Сначала я принял сторону кота: он принадлежал к числу моих друзей, и я видел, что моя помощь могла быть ему полезна. С израненной мордой, он уже не так рьяно нападал на чрезвычайно смелого неприятеля. Однако, следя за ходом этой борьбы, я вскоре проникся сочувствием к более слабому противнику, к его мужеству и ловкости перед лицом столь грозного врага; поэтому я решил соблюдать строгий нейтралитет. Но скоро я понял, что мне будет очень трудно сохранять такую позицию, то есть оставаться безучастным свидетелем борьбы между котом и крысой, тем более, что крыса разделяла мое мнение насчет Эльзевиров. Теперь она окопалась в углублении, проделанном ее зубами в толстом фолианте, валявшемся на полу. Я решил спасти ее: чтобы испугать кота, я изо всей силы ударил ногой в дверь, и сделал это так успешно, что замок отскочил, и дверь распахнулась.

На поле битвы остался лишь фолиант. Враг исчез, мой союзник – также. Но сам я попал в переделку.

В этой запыленной клетушке, уставленной полками со старыми книгами, помещалась часть библиотеки моего дядюшки, бывшего в это время в отъезде. Посредине стояла полуразвалившаяся электрическая машина, рядом с ней – несколько ящиков с минералами, у окошка – старинное кресло. Чтобы я не добрался до книг, эту комнату держали всегда под замком. Когда г-н Ратен заговаривал о ней, он принимал таинственный вид, словно речь шла о каком-то подозрительном месте. И вот сейчас только случай чудесно помог удовлетворить мое любопытство.

Сначала я принялся за физические опыты, но машина не действовала; я занялся минералогией, но Вскоре вернулся к фолианту.
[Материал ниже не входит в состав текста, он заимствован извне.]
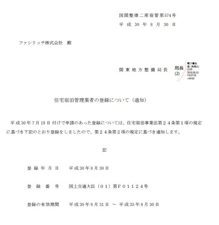 そして、2018年に民泊運営管理に必要な資格「住宅宿泊管理業者」の登録申請を認めていただきました。柏市での登録承認第1号です。

Крыса изрядно над ним поработала; на заглавном листе можно было прочитать лишь Слое… «Словарь [26]! – подумал я – это книга неопасная. Но словарь чего?»… Я приоткрыл книгу. Вверху я увидел женское имя; под ним – какую-то тарабарщину, смешанную с латынью; еще ниже – примечания. Речь шла о любви.

Я очень удивился. В словаре! Кто бы мог подумать? В словаре – о любви! Я не мог опомниться. Но тома фолиантов тяжеловесны; я поудобнее устроился в кресле, равнодушный сейчас даже к великолепному виду, открывавшемуся из окна.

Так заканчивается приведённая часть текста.